What would mine be like?
Not an abstract design, a pattern,
not a jumbled sleeve, a symbol,
of what I am, of what I’m like.
An open book, apt for a writer,
and right for me, and that was my first
at 74, an old dog in a new world.
Second
At fifteen, a paper round helped me
buy that first clarinet. It squeaked at first
but that’s the same for all learners.
First public gig was in the school orchestra,
2nd trumpet part in the Water Music.
Suitably scared to perform in public,
but buzzed, I did it.
I wanted a sax, listened to a lot of tenors
but the budget only stretched to an alto,
like the clarinet, second-hand.
Still, I learned it, bonded in a trad band,
played for dances, until I lost my steps,
my way, a drop-out, then a barman,
with no time for anything.
Then love, a proper job, career path,
marriage, family, and the horns silenced.
Hankerings sometimes surfaced.
Shoulda been a tenor player, but that waited
until I was seventy.
Felt right immediately, still does.
Another symbol for the left arm, a sax,
and Kerry put it there. The second.
Third
The last leg, Hakone back to Tokyo,
mega-city, sprawl along the Pacific coast,
so different from the California highway.
Dawn, a final view of Fuji,
a good breakfast, hit the Tokaido.
A view of little Pacific waves
lapping gently on the beach,
then city after city, Yokohama,
Kawasaki, all merging at the end.
At Kamakura, the huge bronze Buddha
photographed, then I bought the brass
souvenir that still sits on my windowsill.

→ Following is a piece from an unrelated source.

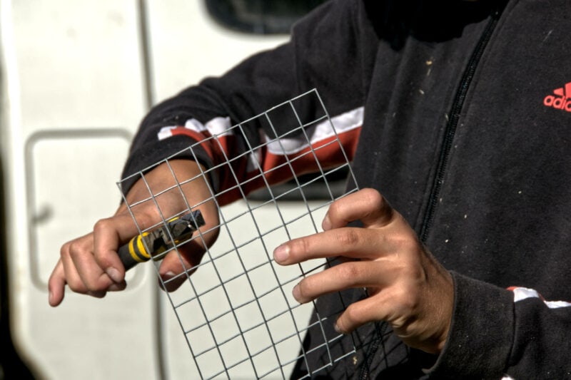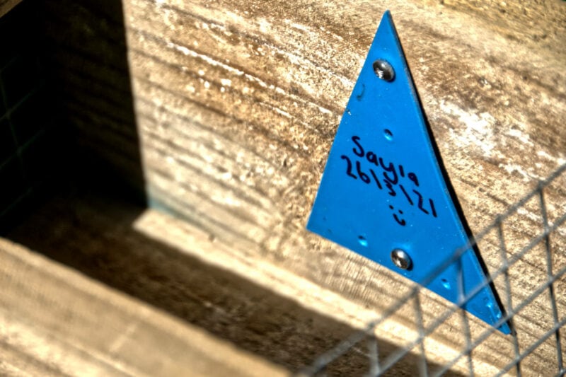 Then it’s full-on construction. Firstly, they name their blue triangles and screw them to what will be one of their box’s inside walls. Next, they build the boxes themselves. Finally, they cut wire mesh and secure it to the trap with staples. They all support and help each other at every step. It’s wonderful to witness.

Last temple, three last bows, a bento meal,
a kendo match on TV, and the next day’s
long flight home.
The photo, traced, now inked on me,
the green patina, serene expression,
temple memories and a long life
on the eight-fold path, part of me,
and that’s the third.
Fourth
Stewarding at a book festival,
met the geneticist, special offer,
the spit kit, questionnaire.
He found that males whose grandads,
like mine, were from the north-east
had a specific marker he named Pictish.
Results came in, memories, travels
in Buchan and Moray, vague histories
and a family tree, all came together,
added up. I am Pictish.
I remembered the carvings, the stones,
the books that explain, but don’t really.
Academics with theories, romantics with dreams
have had their say, but only the stones are real.
Enigmas, often crosses on one side,
images on the other.
Fish, warriors, bull, boar, Z- and V-rods,
a mythic Beast as alien as Grendel,
didn’t appeal. An Inverurie horse,
more like a pony, heather or head-dress
woven in the mane, was the one I chose.
I was born in a Year of the Horse, and I admire
their strength, their stoic fortitude.
On a whim, I wanted it blue, and spotted,
and that was fourth.
Fifth
Visiting my local town I found
a tattoo studio had opened. This
just when my first artist moved.
Seemed like an omen.
I’d had a thought for a design
to unify the Buddha and the book
by twining two vines round both
in a figure-of-eight.
I popped in with a rough sketch
met apprentice Anna, liked her.
She did flowers; I specified mine,
a blue and a yellow. We made dates
for two three-hour sessions
in that draughty upstairs room.
We talked as she worked, as you do.
She spoke about her daughter,
her day job, why she needed
extra income. She’d gone online,
had bud and leaf shapes, colours
of the flowers I wanted. Accurate.
Great to find an artist who’d share
my thoughts, make them real.
Lines first, the freehand stems a scaffold
for leaves, buds and blossoms, and parts of that
hurt, I won’t disguise it. Next week she added
colour, shading. By the end, the yellow flowers
were orange, from plasma, but that dispersed.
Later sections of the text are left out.